Prediction and Control of Thermal Transport at Defective State Gr/ h-BN Heterojunction Interfaces

Nanomaterials (Basel). 2023 Apr 25;13(9):1462. doi: 10.3390/nano13091462.

Abstract

The control of interfacial thermal conductivity is the key to two-dimensional heterojunction in semiconductor devices. In this paper, by using non-equilibrium molecular dynamics (NEMD) simulations, we analyze the regulation of interfacial thermal energy transport in graphene (Gr)/hexagonal boron nitride (h-BN) heterojunctions and reveal the variation mechanism of interfacial thermal energy transport. The calculated results show that 2.16% atomic doping can effectively improve interfacial heat transport by more than 15.6%, which is attributed to the enhanced phonon coupling in the mid-frequency region (15-25 THz).
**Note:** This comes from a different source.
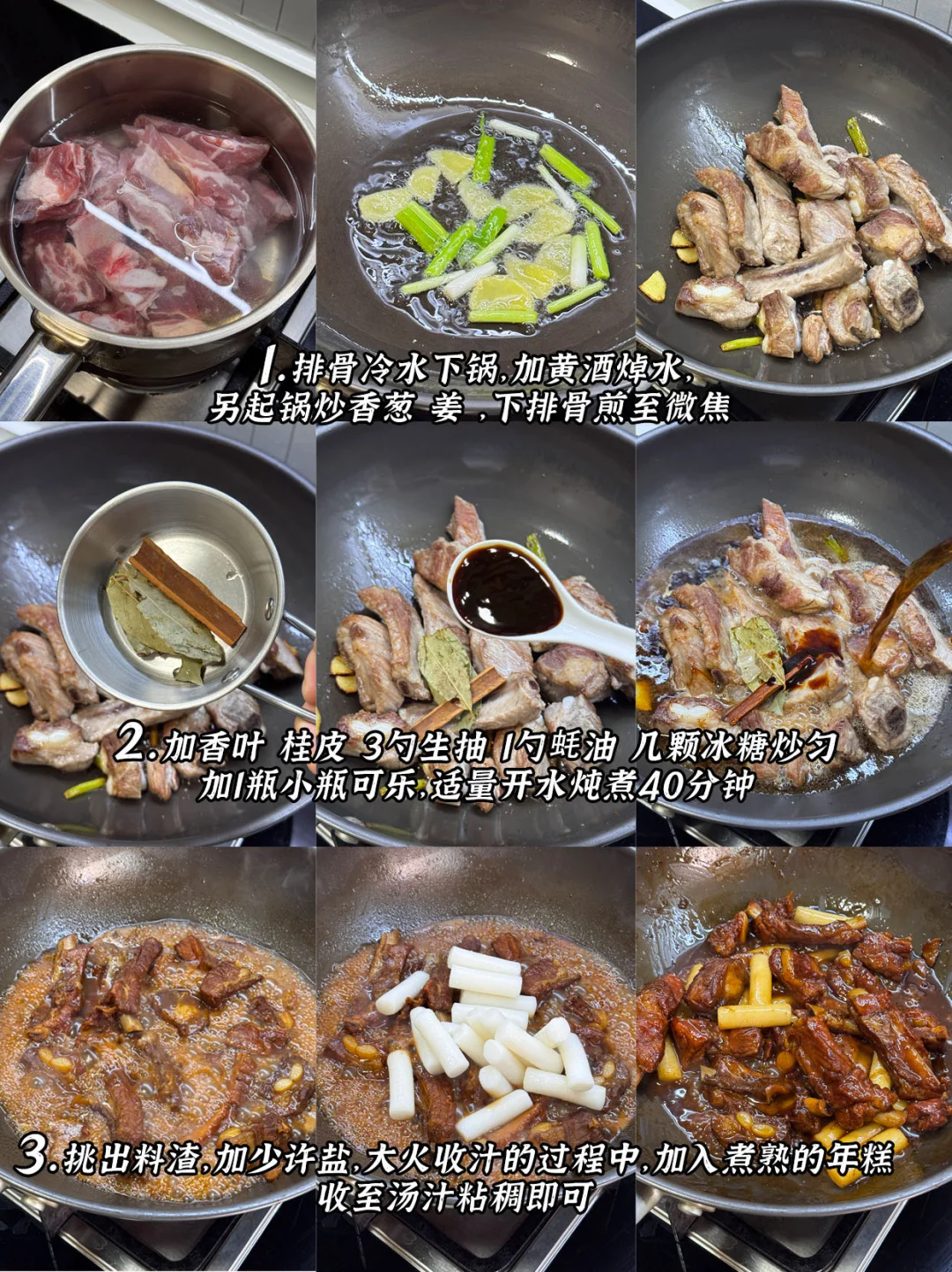 🥩可乐排骨年糕:排骨炖得超软烂,一咬就脱骨,裹着甜甜的可乐酱巨入味,年糕吸满了肉汁,糯叽叽的,吃起来很满足。

The single vacancy in both N and B atoms can significantly reduce the interfacial thermal conductivity (ITC), and the ITC decreases linearly with the increase in vacancy defect concentration, mainly due to the single vacancy defects leading to an increased phonon participation rate (PPR) below 0.4 in the low-frequency region (0-13 THz), which shows the phonon the localization feature, which hinders the interfacial heat transport. Finally, a BP neural network algorithm is constructed using machine learning to achieve fast prediction of the ITC of Gr/h-BN two-dimensional heterogeneous structures, and the results show that the prediction error of the model is less than 2%, and the method will provide guidance and reference for the design and optimization of the ITC of more complex defect-state heterogeneous structures.

Keywords: graphene heterojunctions; interfacial thermal conductivity; molecular dynamics; neural network prediction.